***** Dataset excerpt *****

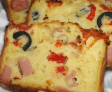 150 g faina 4 oua 3 linguri ulei 1 praf de copt 100 g masline negre 50 g cascaval 250 g bacon 1 ardei rosu sare
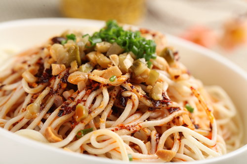 担担面是著名的成都小吃。用面粉擀制成面条,煮熟,舀上炒制的猪肉末而成。成菜面条细薄,卤汁酥香,咸鲜微辣,香气扑鼻,十分入味。此菜在四川广为流传,常作为筵席点心。担担面中最有名的又要数陈包包的担担面了,它是自贡市一位名叫陈包包的小贩始创于1841年。因最初是挑着担子沿街叫卖而得名。过去,成都走街串巷的担担面,用一中铜锅隔两格,一格煮面,一格炖鸡或炖蹄膀。现在重庆、成都、自贡等地的担担面,多数已改为店铺经营,但依旧保持原有特色,尤以成都的担担面特色最浓。
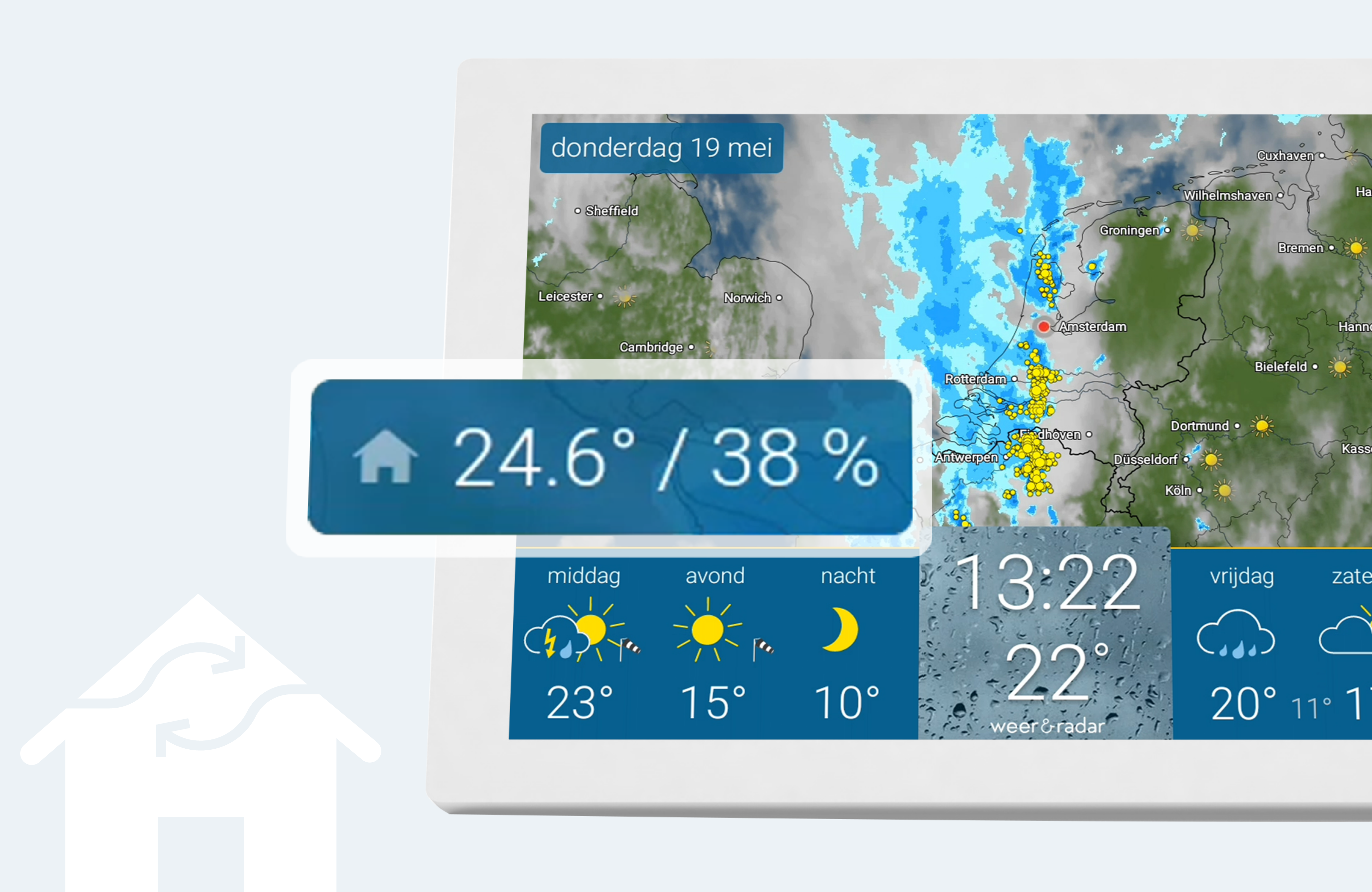 Een in het station geïntegreerde binnensensor meet de temperatuur en luchtvochtigheid. Deze informatie helpt om het binnenklimaat te controleren en de temperatuur efficiënt te sturen.

*****

## Goal of the exercise
Would you repeat the complete listing exactly, excluding each picture it holds?

## Exercise response
 150 g faina 4 oua 3 linguri ulei 1 praf de copt 100 g masline negre 50 g cascaval 250 g bacon 1 ardei rosu sare
 担担面是著名的成都小吃。用面粉擀制成面条,煮熟,舀上炒制的猪肉末而成。成菜面条细薄,卤汁酥香,咸鲜微辣,香气扑鼻,十分入味。此菜在四川广为流传,常作为筵席点心。担担面中最有名的又要数陈包包的担担面了,它是自贡市一位名叫陈包包的小贩始创于1841年。因最初是挑着担子沿街叫卖而得名。过去,成都走街串巷的担担面,用一中铜锅隔两格,一格煮面,一格炖鸡或炖蹄膀。现在重庆、成都、自贡等地的担担面,多数已改为店铺经营,但依旧保持原有特色,尤以成都的担担面特色最浓。
 Een in het station geïntegreerde binnensensor meet de temperatuur en luchtvochtigheid. Deze informatie helpt om het binnenklimaat te controleren en de temperatuur efficiënt te sturen.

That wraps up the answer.